The War
- Date: 2 July 2011
- Venue: Imtech Arena, Altona, Hamburg, Germany
- Title(s) on the line: WBA (Unified), IBF, WBO, IBO, and The Ring heavyweight titles

Tale of the tape
- Boxer: Wladimir Klitschko / David Haye
- Nickname: Dr. Steelhammer / The Hayemaker
- Hometown: Kyiv, Ukraine / Bermondsey, London, UK
- Pre-fight record: 55–3 (48 KO) / 25–1 (23 KO)
- Age: 35 years, 3 months / 30 years, 8 months
- Height: 6 ft 6 in (198 cm) / 6 ft 3 in (191 cm)
- Weight: 242.6 lb (110 kg) / 212.8 lb (97 kg)
- Style: Orthodox / Orthodox
- Recognition: IBF, WBO, IBO and The Ring Heavyweight Champion The Ring No. 5 ranked pound-for-pound fighter / WBA Heavyweight Champion The Ring No. 2 Ranked Heavyweight 2-division world champion

Result
- Klitschko wins via 12-round unanimous decision (117-109, 118-108, 116-110)

= Wladimir Klitschko vs. David Haye =

Boxing competition

Wladimir Klitschko vs. David Haye, billed as The Talk Ends Now, was a heavyweight unification fight between IBF, WBO, IBO, and The Ring champion Wladimir Klitschko, and WBA champion David Haye. The fight took place in Imtech Arena, Altona, Hamburg, Germany on July 2, 2011. Klitschko defeated Haye by unanimous decision.

==Background==
In 2008 after becoming unified cruiserweight champion, David Haye moved up to heavyweight. Klitschko welcomed the challenge of Haye. Talks started immediately between Klitschko and Haye but came to nothing, even after Haye publicly confronted and challenged Klitschko at an event at the ExCeL London in April 2008. Haye reiterated a challenge to Klitschko to fight him in 2009. In his second fight, he wanted to fight JD Chapman who he claimed was a similar style to the Klitschkos. Haye also added that the heavyweight division was scared of him. In July 2008 Wladimir Klitschko said that Haye was a possible opponent for him to fight next. Haye started to call out the Klitschkos after he knocked out Monte Barret in the 5th round in 2008.

In late 2008 Haye and Vitali verbally agreed to terms to fight in the summer. However Klitschko fought mandatory challenger, Juan Carlos Gomez. Haye then turned his sights to Wladimir. In 2009 after protracted talks, Wladimir agreed to fight Haye on 20 June in Gelsenkirchen, Germany. In the build-up to that fight Klitschko labeled Haye an 'embarrassment' after Haye appeared wearing a T-shirt with the Klitschkos' severed heads. He also vowed to knock Haye out in the 12th round. Haye pulled out of the fight with a back injury, and hoped to postpone the fight until July 11. This did not happen and Haye was replaced by Ruslan Chagaev who Klitschko stopped in 9th round. Since then both Vitali and Wladimir had wanted to fight Haye, with Vitali wanting to have a fight with Haye in 2010 which never happened.

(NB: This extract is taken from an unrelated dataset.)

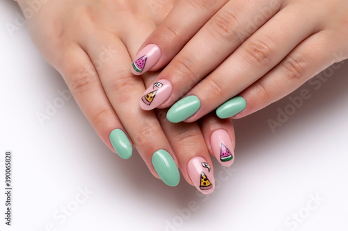 Summer manicure. Mint, beige manicure with drawn pizza, watermelon, on long oval nails close-up on a white background.

Instead, Haye won the WBA title after defeating Nikolay Valuev.

==Build-up==
On 16 April 2009, Haye wore a T-shirt depicting him holding the heads of the Klitschko brothers while standing atop their decapitated bodies.
At the same time, he declared a war on both the Klitschko brothers, hoping to first defeat Wladimir, then Vitali.
Two press conferences were held in announcement of the fight. The first one took place in Hamburg, the second in London.
There was also an HBO Face Off held in New York City.
At both press conferences David Haye refused to shake Klitschko's hand. Klitschko said it was a sign of lack of respect from Haye's side. Haye said that he did not want to shake Klitschko's hand, because "he doesn't want to do what Wladimir tells him to do."
He said that Klitschko is a control freak who has to know and control what his opponents do. Haye promised that he would win by knockout, that the trash talk was over and that it was down to business, which was also one of the reasons why he didn't bring his infamous T-shirt.
Klitschko asked about the T-shirt and wanted to see it. Haye again referred to Klitschko as a "control freak."
Haye said that he intended to shake Klitschko's gloves when they are in the ring together, but only because it was the rules.
At an interview on Sky, Haye also refused to come into the studio with Klitschko because he said he'd had enough of him, he'd seen too much of him – first in New York, then Hamburg and now in London.
At the HBO Face Off, Haye said that you could feel the tension and "almost cut it with a knife". He also thought that Klitschko would punch him during the interview. Yet again Haye refused to shake Klitschko's hand.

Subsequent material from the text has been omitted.